Abstract

The author herein reports a new operative approach, the basal interhemispheric (BIH) approach, for anterior communicating artery aneurysms (ACo AN). This approach is a modification of the anterior interhemispheric (AIH) approach developed for lesions in and around the anterior third ventricle. The patient is fixed in the supine position and the head is dorsiflexed. A bicoronal skin incision is made behind the hairline and subperiosteal dissection of the skin flap is performed to the nasion and both upper portions of the orbits. The supraorbital nerves must be preserved in this procedure when the nerves penetrate the supraorbital foramina. A bifrontal craniotomy is performed as in the routine AIH approach and then an additional craniotomy is performed in the basal frontal and nasal bones. A small dural incision is made in the mid-basal portion of the right side. Microsurgical dissection of the interhemispheric fissure is performed directly toward the pre and suprachiasmatic areas near the folded portion of the arachnoid membrane, instead of the knee portion of the corpus callosum as in the AIH approach.
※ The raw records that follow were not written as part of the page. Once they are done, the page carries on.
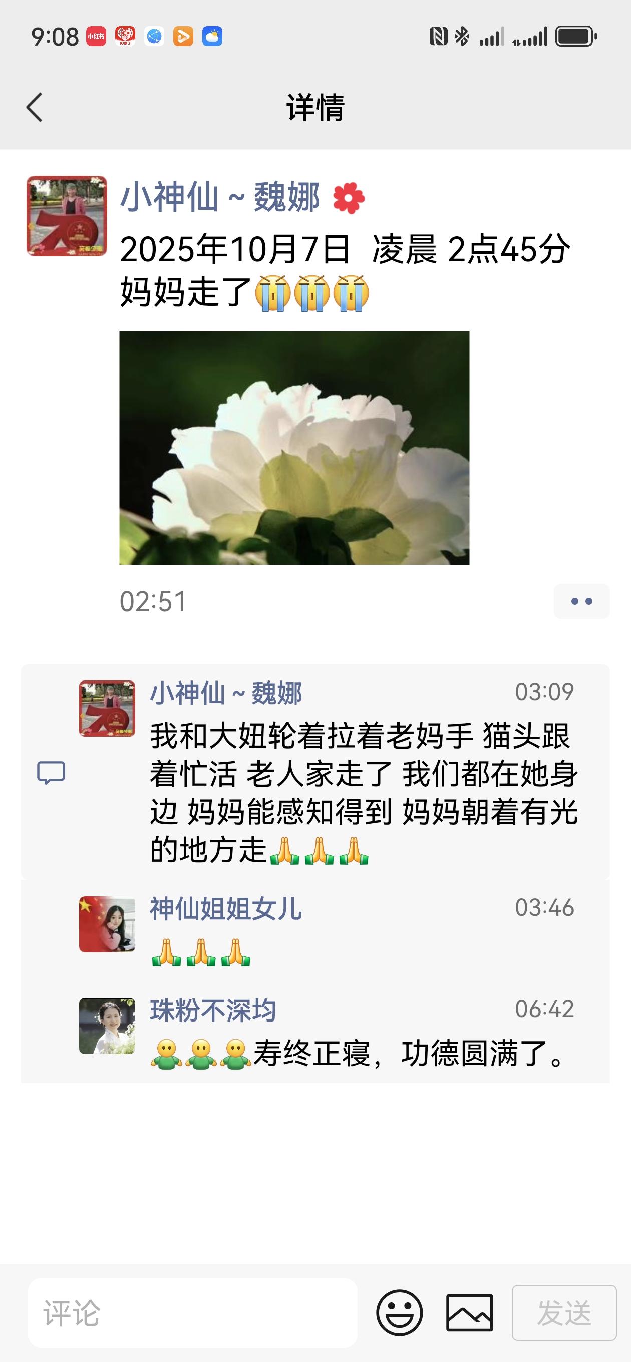 一大早看见小神仙姐姐发的朋友圈,她妈妈去世了。好像是96岁。 小神仙姐姐是我的网友,20多年了,我们没有见过面,但是她就如真实的我身边的亲友一样。 快到70岁的她每天早起会发朋友圈,内容是佛经道德经。 然后就是她骑着电动摩托车去养老院或者是医院看望自己的母亲。 阿姨从前是医院的护士长,老太太那么大的年纪耳聪目明的,90多还会点外卖。 小神仙姐姐的女儿也是我网友,她是天津肿瘤医院的护士,有两个孩子。 这两个小宝贝是我看着长大的,尤其是女孩(猫头)从前在电脑屏幕,如今手机屏幕。 会拳击散打,会游泳,这个女孩可厉害了。小神仙姐姐善良,对于外孙外孙女疼爱满满,对于母亲更是尽心照料。 好像知道阿姨时日无多了,好多的亲友都来过做最后的道别,好多都是国外赶回来的。 我看见阿姨去世的消息挺难过,但是也觉得释然了很多。老人家最近几年都是在医院度过的,做子女的包括外孙女还是曾孙辈分的都尽力了。 老人家人生圆满了。这一世功德圆满了。 人生在世,最后什么是你的
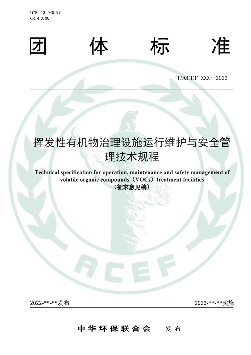 根據(jù)《團體標(biāo)準(zhǔn)管理規(guī)定》《中華環(huán)保聯(lián)合會團體標(biāo)準(zhǔn)管理辦法(試行)》相關(guān)要求,由上海大學(xué)牽頭中國礦業(yè)大學(xué)(北京)、同濟大學(xué)、中國環(huán)境科學(xué)研究院、上海市環(huán)境科學(xué)研究院、山東建筑大學(xué)和中華環(huán)保聯(lián)合會VOCs污染防治專業(yè)委員會等企事業(yè)單位共同編制的《揮發(fā)性有機物治理設(shè)施運行維護與安全管理技術(shù)規(guī)程》團體標(biāo)準(zhǔn),經(jīng)編制組調(diào)研、起草、研討和修改完善后,已完成征求意見稿;為保證標(biāo)準(zhǔn)的科學(xué)性、實用性及可操作性,現(xiàn)公開征求意見。
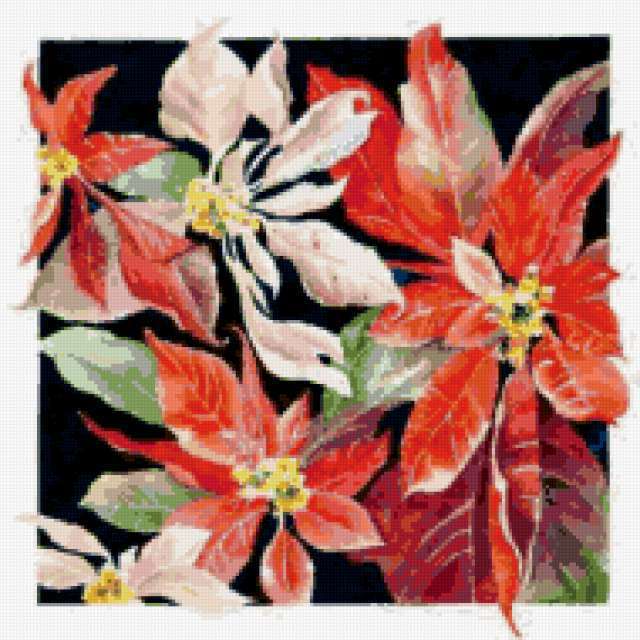 Ориентировочно так, схема вышивки «Poinsettia», созданная автором pandreevska, будет выглядеть при отшиве на канве. Размер данной вышивки равен 190x190 крестов, при этом используется 59 цветов. Ключевые слова, по которым можно найти эту схему: flower, colorful, bright, christmas. Также, вы можете взглянуть на оригинальную картинку, соответствующую данной схеме вышивки.
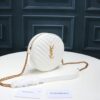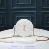 ROUND SHOULDER BAG DECORATED WITH CHEVRON QUILTED STITCHING AND METAL YSL INITIALS, CHARACTERIZED BY A LEATHER AND CHAIN SHOULDER STRAP.
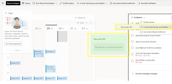 Da ein Board schnell überfüllt sein kann, existiert das Sammlung-Widget, das ein Container ist, in dem du Widgets sammeln kannst. In unserem Fall heißt unser Container “Microsoft 365” und wir können verschiedene Widgets, die zu dem Thema passen, wie z.B. unsere Aufgaben in die Sammlung “Microsoft365” verschieben, um dort alles an einem Ort zu sammeln und übersichtlicher zu gestalten.
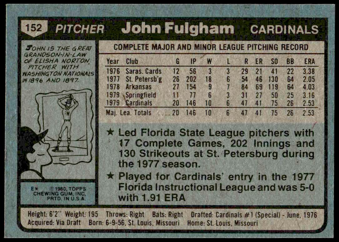 This Baseball card, from 1980 is part of the Topps  card set. John Fulgham is featured and has a card number of 152.
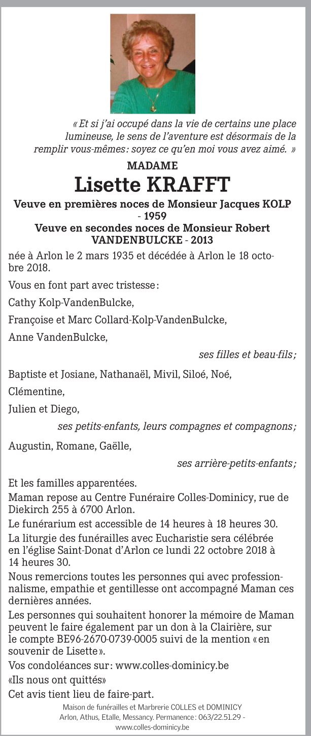 Décédée à Arlon (6700) le jeudi 18 octobre 2018 à l'âge de 83 ans

Thus, the approach to the aneurysm can be performed using a shorter and more limited interhemispheric dissection than with the AIH approach. After the intradural procedure, the dura should be closed water tight, the additional bone flap is fixed, and then the area of the opened frontal sinus is completely covered with periosteum. The bifrontal bone flap is secured at four points and skin and galea are closed in the usual manner. The bifrontal bone flap is removed for external decompression if necessary. Fourteen cases of ACo AN (clear consciousness: 7 cases, drowsy state: 6 cases, semicoma: 1 case) have been operated on up to the present time, and all cases have recovered to a good condition. Furthermore, they don't show any cosmetic problem due to additional midline bone flap. It should be stressed that ACo AN can be approached with minimum brain retraction and dissection of the interhemispheric fissure using this BIH approach. This is a most important point in surgery for ACo AN in the acute stage.